Problem statement:
Starting with the first line below, extract each line through the one that contains "7.2.10 Campbell Footstool", inclusive, excluding pictures.

(Data items)
===============

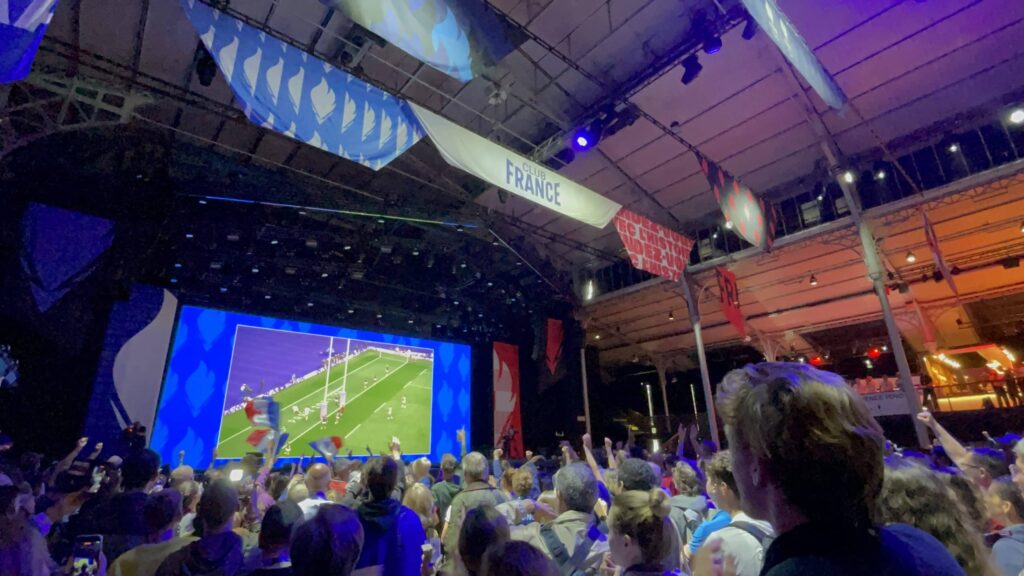 Il y a de quoi en prendre plein les yeux et plein les oreilles dans la grande halle de la Villette et dans le parc à côté. Depuis le début des Jeux olympiques, c’est ici que se trouve le Club France, cette fan zone ouverte pendant les JO. Un lieu, et de multiples possibilités pour les amoureux du sport de passage à Paris cet été. Sur place, on peut suivre devant un écran géant (à l’intérieur et/ou en extérieur) le parcours des sportifs français. Lorsque nous nous y rendons, nous suivons l’épopée de l’équipe de France de rugby à 7. Ambiance garantie.
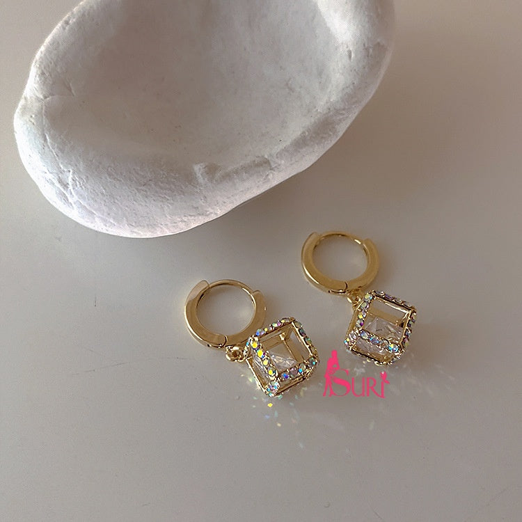 Bông Tai Khoen Tròn Phối Khối Lập Phương Đính Đá
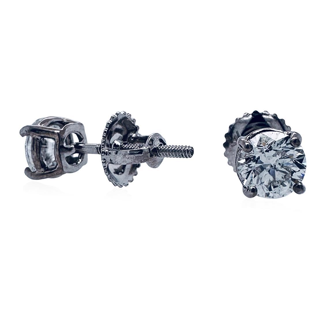 One pair electronically tested 14KT white gold lady's combination cast assembled fashion stud earrings with threaded posts and screw-on/screw-off backs with four prong basket with bright polish finish. Condition is new, good workmanship. Identified with markings of 14K. Containing: 2 prong set round brilliant cut diamonds, approximate total weight of 2 stones = 1.05 ctw. Graded in the setting. Total weight of Diamonds: 1.05 ctw. Total estimated retail value: $7500
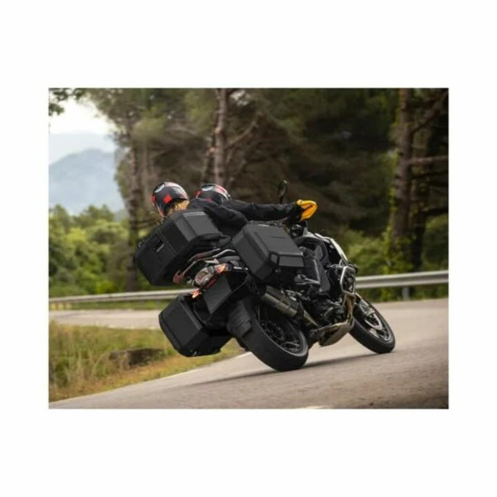 Are you looking for a top box that can handle long journeys, tough roads and at the same time looks damn good? Then Shad TR55 Terra Pure Black the right choice for you. This one adventure box in matte black aluminum holds two module helmets, weighs only 5.4 kg - and is the lightest aluminum top box on the market. Built in Barcelona, designed for those who do not compromise with function or style.
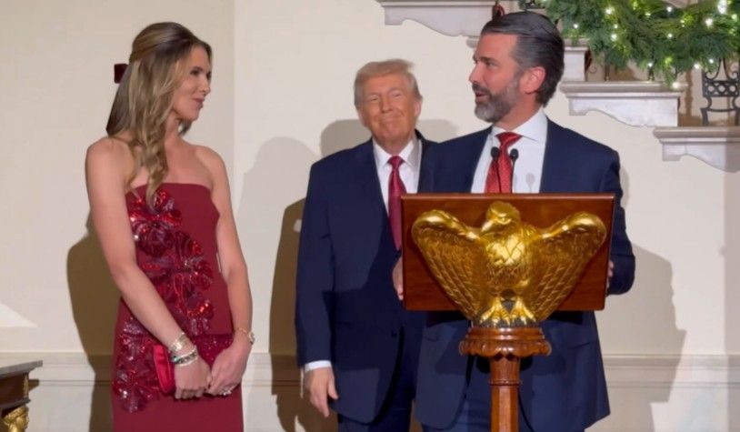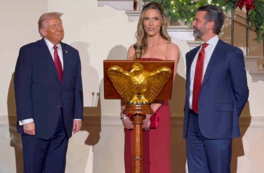 President Donald Trump revealed the engagement Monday night during a Christmas reception, setting the stage for a family moment that felt equal parts old-school glamour and unapologetic confidence.
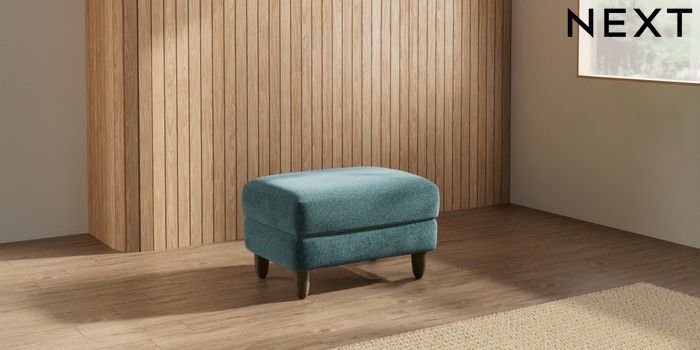 7.2.10 Campbell Footstool Chunky Chenille Mid Teal Green High Leg - Mid | Made Click here to use our website with more accessibility support, for example screen readers
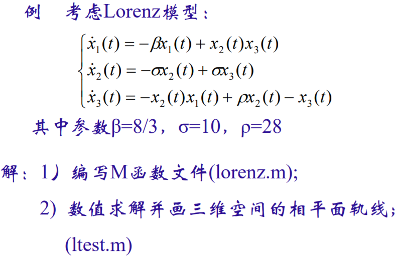 % 1、 lorenz1.m function xdot = lorenz1(t,x) xdot=[-3*(x(1)-x(2))-x(1)*x(3)+26.5*x(1)-x(2)-x(3)+x(2)*x(1)];% 2、ltest.m x0=[0.0 1.0 0]'; [t,x]=ode45('lorenz1',[0,100],x0); % 更改变量区间[0,10] plot(t,x(:,1),'-',t,x(:,2),'*',t,x(:,3),'+') figure; plot3(x(:,1),x(:,2),x(:,3)),grid on
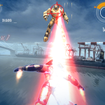 Exista si un Night Club Armor, armuri cu tunuri uriase si mitraliere si clasicul costum rosu metalizat, cu cateva variatiuni. Aceste armuri pot fi upgradate la 3 capitole, folosind moneda de schimb a jocului, reprezentata de niste mici sfere rosii. Pe acestea le adunati in vreme ce zburati sau le primiti pentru diferite achievementuri completate. Veti face si level up si aveti un soi de “garaj” pentru robotii pe care ii imbracati.

===============

Task response:
 Il y a de quoi en prendre plein les yeux et plein les oreilles dans la grande halle de la Villette et dans le parc à côté. Depuis le début des Jeux olympiques, c’est ici que se trouve le Club France, cette fan zone ouverte pendant les JO. Un lieu, et de multiples possibilités pour les amoureux du sport de passage à Paris cet été. Sur place, on peut suivre devant un écran géant (à l’intérieur et/ou en extérieur) le parcours des sportifs français. Lorsque nous nous y rendons, nous suivons l’épopée de l’équipe de France de rugby à 7. Ambiance garantie.
 Bông Tai Khoen Tròn Phối Khối Lập Phương Đính Đá
 One pair electronically tested 14KT white gold lady's combination cast assembled fashion stud earrings with threaded posts and screw-on/screw-off backs with four prong basket with bright polish finish. Condition is new, good workmanship. Identified with markings of 14K. Containing: 2 prong set round brilliant cut diamonds, approximate total weight of 2 stones = 1.05 ctw. Graded in the setting. Total weight of Diamonds: 1.05 ctw. Total estimated retail value: $7500
 Are you looking for a top box that can handle long journeys, tough roads and at the same time looks damn good? Then Shad TR55 Terra Pure Black the right choice for you. This one adventure box in matte black aluminum holds two module helmets, weighs only 5.4 kg - and is the lightest aluminum top box on the market. Built in Barcelona, designed for those who do not compromise with function or style.
 President Donald Trump revealed the engagement Monday night during a Christmas reception, setting the stage for a family moment that felt equal parts old-school glamour and unapologetic confidence.
 7.2.10 Campbell Footstool Chunky Chenille Mid Teal Green High Leg - Mid | Made Click here to use our website with more accessibility support, for example screen readers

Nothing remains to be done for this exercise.